According to data released Wednesday by the Labor Department, consumer prices in the United States edged up by less than anticipated in May, with lower gasoline prices counterbalancing higher rents.
Despite this moderation, economists warn that inflation may pick up in the coming months as new tariffs imposed by the Trump administration start to filter through to retail prices.
The Consumer Price Index (CPI) rose 0.1% in May after a 0.2% rise in April, slower than a 0.2% increase expected by economists surveyed by Reuters. Housing costs—mainly rent—were the main contributor to last month’s CPI uptick, advancing 0.3%.
Food prices rebounded with a similar 0.3% gain, particularly for cereals, bakery products, fruits and vegetables, while the price of eggs dropped sharply by 2.7%. Gasoline costs slid 2.6%.
On a year-over-year basis, consumer prices climbed 2.4%, compared to 2.3% in April. The figures showed underlying inflationary pressures remained subdued.
Analysts attribute the slow reaction to tariffs to the fact that most retailers are still working through inventory purchased before higher import duties were implemented. Walmart noted last month it would raise some prices starting late May and into June.
Service-sector price growth was also restrained, including limited increases in airfares.
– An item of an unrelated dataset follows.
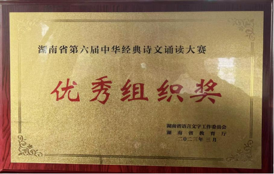 在2022年湖南省中华经典诵写讲大赛中,获本科生组《最后的自白》获一等奖,《月光下的中国》获二等奖,《永不消逝的声音》、《祖国,或以梦为马》获三等奖;《恰是百年风华》获教师组优秀奖。同时我校荣获“优秀组织奖”。共计,本科生组1个一等奖、1个二等奖、2个三等奖,教师组1个优秀奖,单位“优秀组织奖”1个。
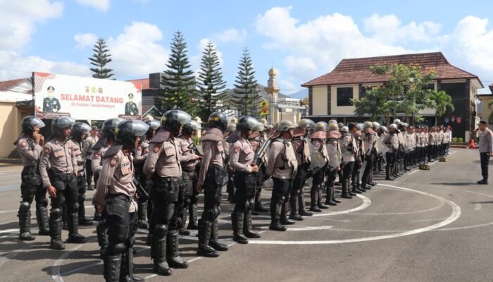 Kapolres Tasikmalaya AKBP Haris Dinzah, S.H., S.I.K., M.H didampingi Kabag Ops Polres Tasikmalaya Kompol Tikko nagiewanto menekankan pentingnya kesiapsiagaan dan kekompakan seluruh anggota Dalmas dalam menghadapi situasi di lapangan.

Economists believe that the lingering effect of pre-tariff inventories, along with uncertain consumer demand, has prompted many businesses to delay or minimize price hikes.
However, they anticipate inflation to accelerate starting from June and moving through the rest of the year, as companies gradually pass tariff costs on to consumers in hopes of avoiding dramatic price jumps.
President Trump has publicly urged companies like Walmart to absorb tariffs instead of charging customers more, while his administration argues the cost of tariffs is being borne by exporting nations.